A moment passed. Happy’s face went from wearing an expression of shock and awe to…I couldn’t tell. It definitely softened, though. “Hang on,” he said. “You own that deli around the block, right?”
I nodded.
“That explains it,” Happy said, sounding downright sad all of a sudden. As I tried to figure out what to make of it, he silently packed my chocolates into the plastic bags and put both into a shopping bag. Then he took the fabric tote he’d tried pawning off on me, carefully folded it in half, and added it to the shopping bag’s contents for good measure. “Here you go, on the house.” He pushed the bag into my arms. “I’m sorry.”
“What’s that supposed to mean?”
“Just that I’m sorry,” he said, shaking his head without explanation.
I left Happy’s Sweet Shop in a funk, which was not what I’d counted on. It was as good a reason as any for me to stop
midway up the street, tear open the pack of Hershey’s Miniatures, and bolt down a Crunch bar before heading back to the deli.

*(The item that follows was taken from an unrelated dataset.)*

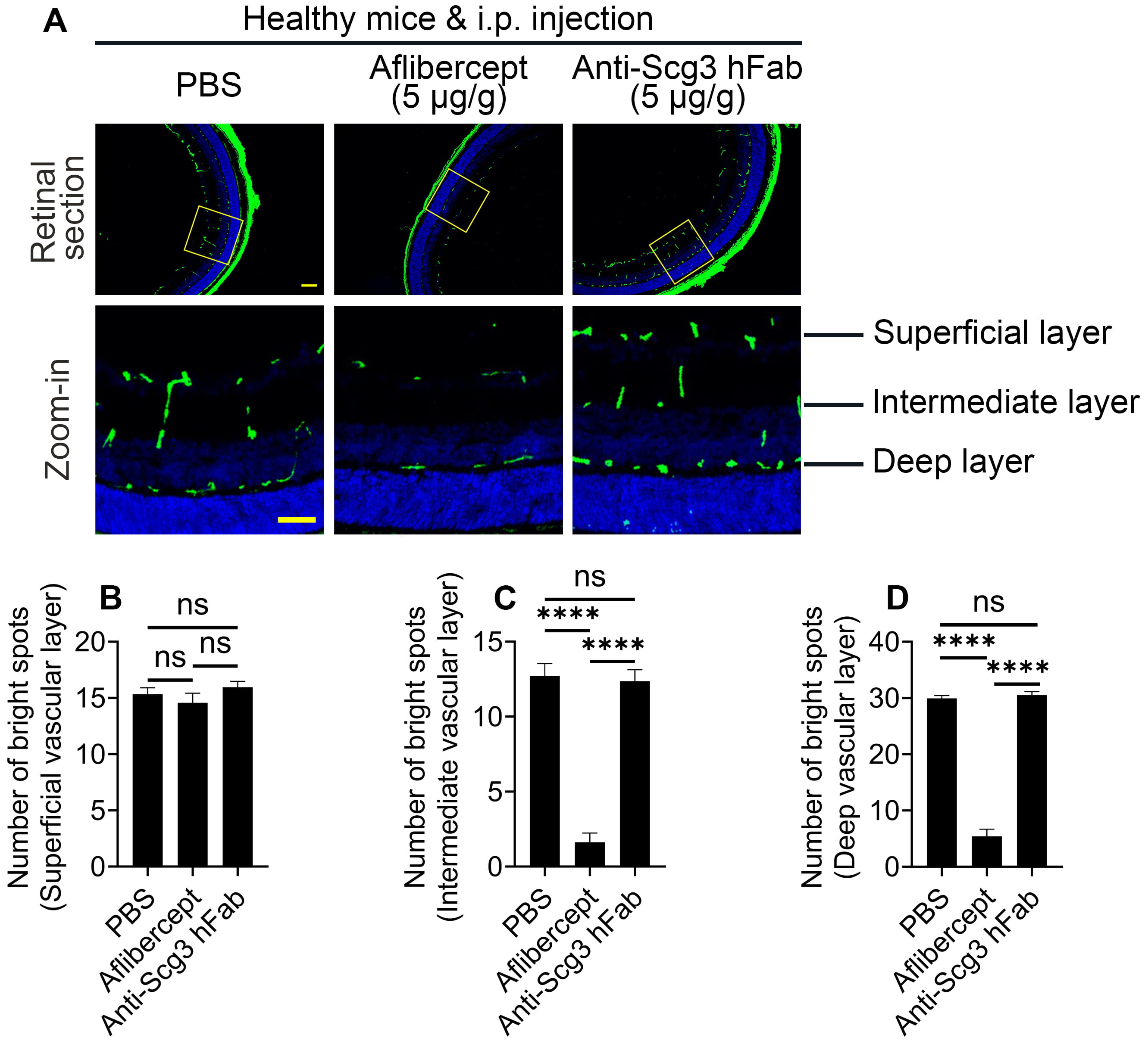 physiological retinal angiogenesis. Aflibercept, anti-Scg3 hFab (5

The front door was locked when I reached it, as it should have been with an hour to go till lunch. I didn’t feel like fumbling for my keys while in schlep mode with the shopping bag, and instead walked up the alley to the side entrance. It was always open for deliveries that time of day.

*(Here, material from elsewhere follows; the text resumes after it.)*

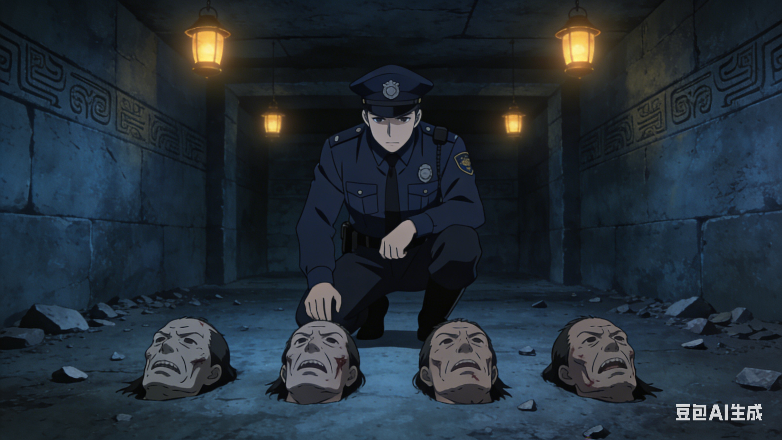 刘毅抄起顶门闩推门,出了屋就听见墙外有哒哒的马蹄声,刘毅想看看是谁大半夜在街上骑马,就打开了门。往门外一看,差点吓尿了裤子。就见门外有一个大将军,手里拎着4颗血淋淋的人头,他的头盔里面是空的,并没有头。刘毅吓得腿一软,一屁股坐到了地上。怎么了?你这是杀人了,杀人了。媳妇听见声音不对,也出来看刘毅,吓得结结巴巴地喊着,杀人了,杀人了。

The kitchen itself was empty, and I could hear my lunch crew eating out in the dining room. Anyone who’s worked at a restaurant knows it’s SOP to grab some chow before the place opens, and Newt’s special Friday cholent had drawn everybody into the action. I had three waiters on shift—Raylene Sue Chappell, Medina Ramirez, and our headwaiter, Vernon Reeves, who boasted of having been my uncle’s first hire and was ancient enough to have served Abraham and his flock their daily matzos…or had it been it manna?
Anyway, I went through the kitchen and pushed through the double doors, figuring I’d say hello to everyone before heading upstairs.
Normally it would’ve been quite the merry jamboree out there. Luke had stuck around while I was gone, and A.J., Newt and Jimmy were also at the table. But they were all kind of drooped over their bowls, and I can’t say it surprised me. None of them was under the illusion that this was anything close to an ordinary day…except, it seemed, for Thomasina, who was making her usual deliberate inspection of the booths and tables, slowly working her way between them like a warship on patrol.
I swept past the crew with a wave, pretending not to notice Luke’s concerned expression. I hadn’t told him why I’d rushed off a little while ago, but he wasn’t dumb, and would know it hadn’t been to go on a chocolate spree—my sweet shop bounty notwithstanding.
Her back to me as I approached, Thom didn’t bother to look up from a bus cart full of pickle and sauerkraut bowls that had come under her critical scrutiny.
“We need to talk,” I said, halting behind her.